AbsolutelyPatsy · 03/05/2021 12:28

those shower rooms
i was an early developer and one girl kicked my towel across the floor, i have never forgotten,
after that i either had a period or conveniently verrucas

Caelan2018 · 03/05/2021 12:31

Saw this recently for years first time I am 42 and I don't ever remember watching it I have 3 boys 15, 2 and 5 months and I was horrified at the way they treated each other in the film

Bookloverjay · 03/05/2021 12:34

Did anyone watch the documentary Allen Vs Farrow?
I was shocked at what he got away with, how much power and influence he had. But what was astonishing is what the media did. Protraying Mia as the scorned woman. The one who couldn't let go.

DaphneduWarrior · 03/05/2021 12:42

@AMillionMilesAway

When I was Year 9 (so around 13/14) I had a friend at school who had a boyfriend who was around 25. He used to pick her up from school and they were definitely having sex- she told me.

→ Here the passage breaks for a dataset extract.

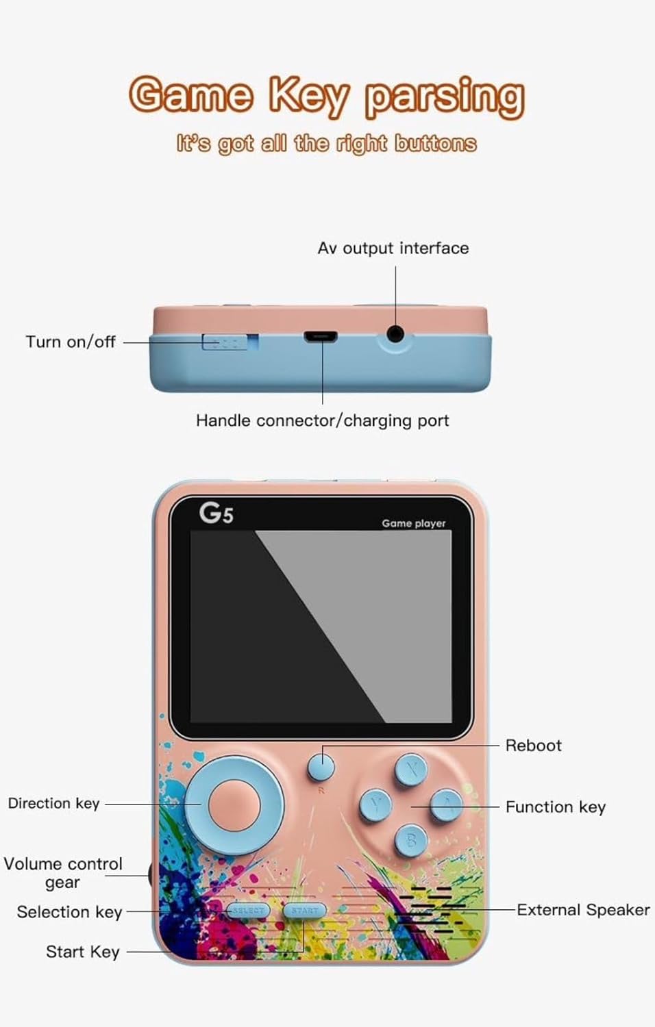 G5 Game Key Parsing Handheld Game Player, 5-inch Display, AV Output, Rechargeable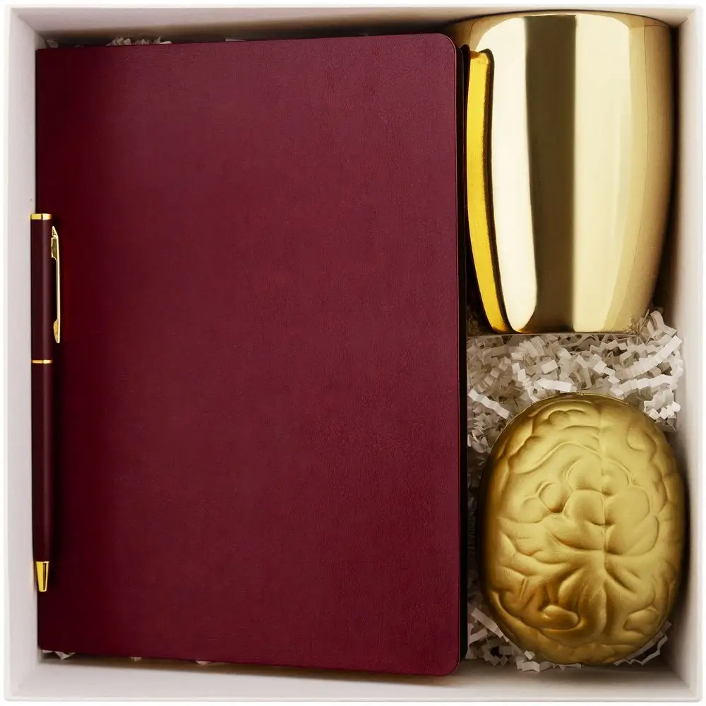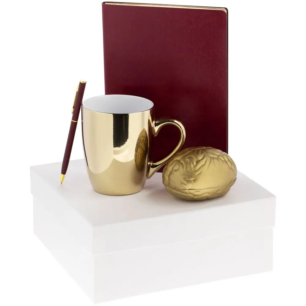 Позолоченный эффект в оформлении всех составляющих набора — выигрышный визуальный акцент-комплимент, подчеркивающий особую ценность получателя подарка.

We we all jealous. Now, as a fully grown adult, I am pretty horrified none of the teachers seemed to care.
I remember sitting in PE aged 13 when my friend asked one of the ‘cool girls’ in our class if she’d had a good weekend. The girl said it had been ok, she and her boyfriend had gone out and ‘just got tipsy, not steaming drunk’ then she’d stayed at his that night. (He was in his 20s and had his own place).

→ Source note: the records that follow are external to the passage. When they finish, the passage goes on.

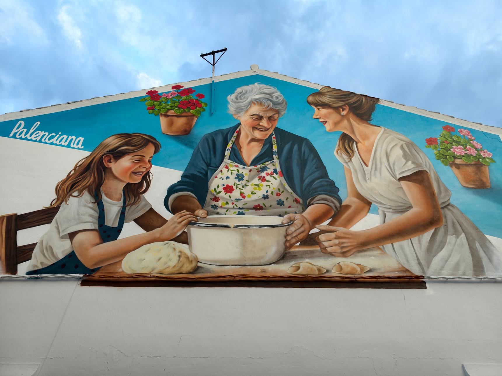 This mural, created in Palenciana, is a tribute to one of the town's sweetest and most cherished traditions: the making of pestiños and other homemade sweets, especially associated with Holy Week.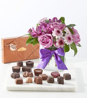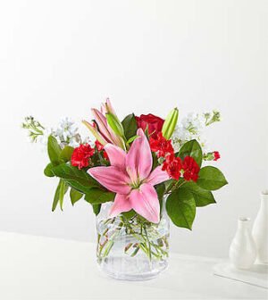 With an abundant blend of roses, carnations, and LA Hybrid lilies in a cinched glass vase, this captivating arrangement is sure to make them feel like they belong on the red carpet.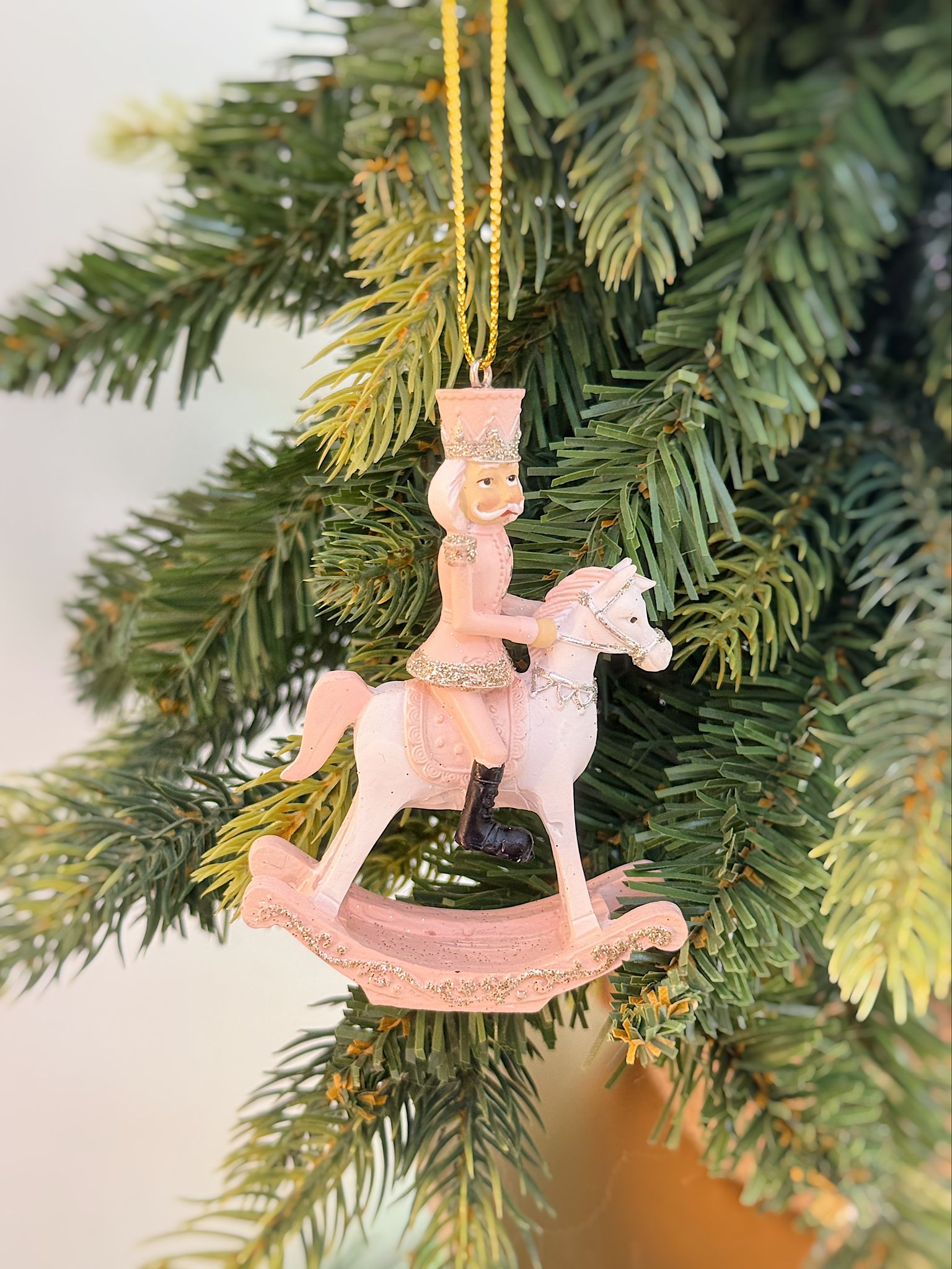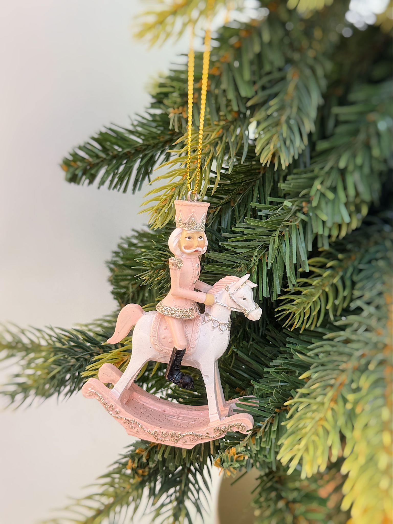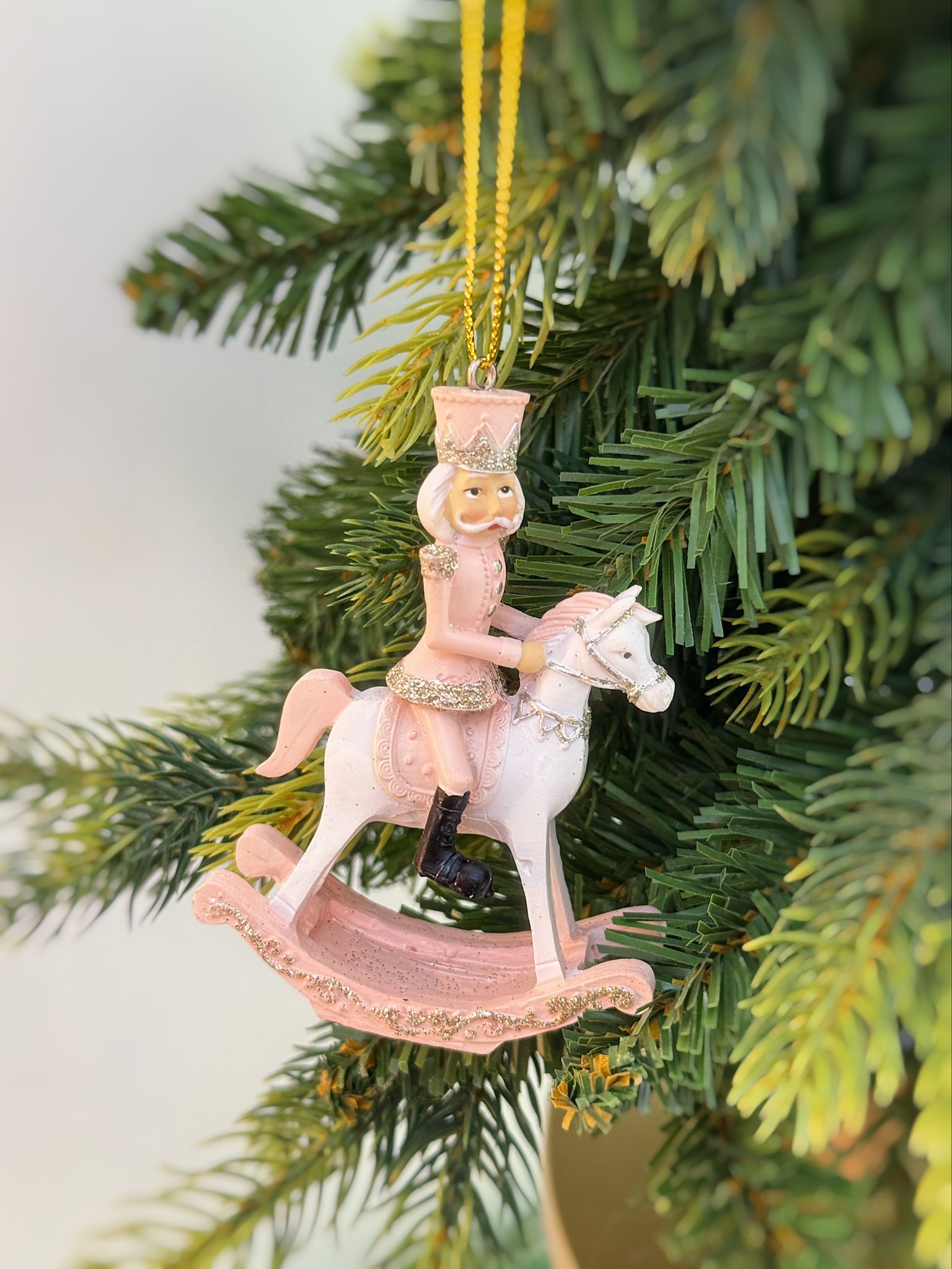 Trasforma il tuo albero di Natale in un capolavoro con questa affascinante pallina a forma di schiaccianoci seduto su un cavallo a dondolo. Il delicato contrasto tra il rosa e il bianco crea un'estetica sofisticata e festosa, perfetta per chi desidera decorazioni natalizie dal carattere unico. Questo ornamento cattura lo spirito magico delle tradizioni natalizie con un tocco di eleganza contemporanea

At the time I thought she was so edgy. Now I look back and remember her sitting there in her PE kit, no makeup, looking exactly what she was - a child being groomed by an adult Sad

ArabeI · 03/05/2021 12:45

I agree about gymnastics. The differences in the floor exercises especially. There is more emphasis on performance with the women's Floor, and it's usually to music.

I prefer rhythmic gymnastics where there's less disparity.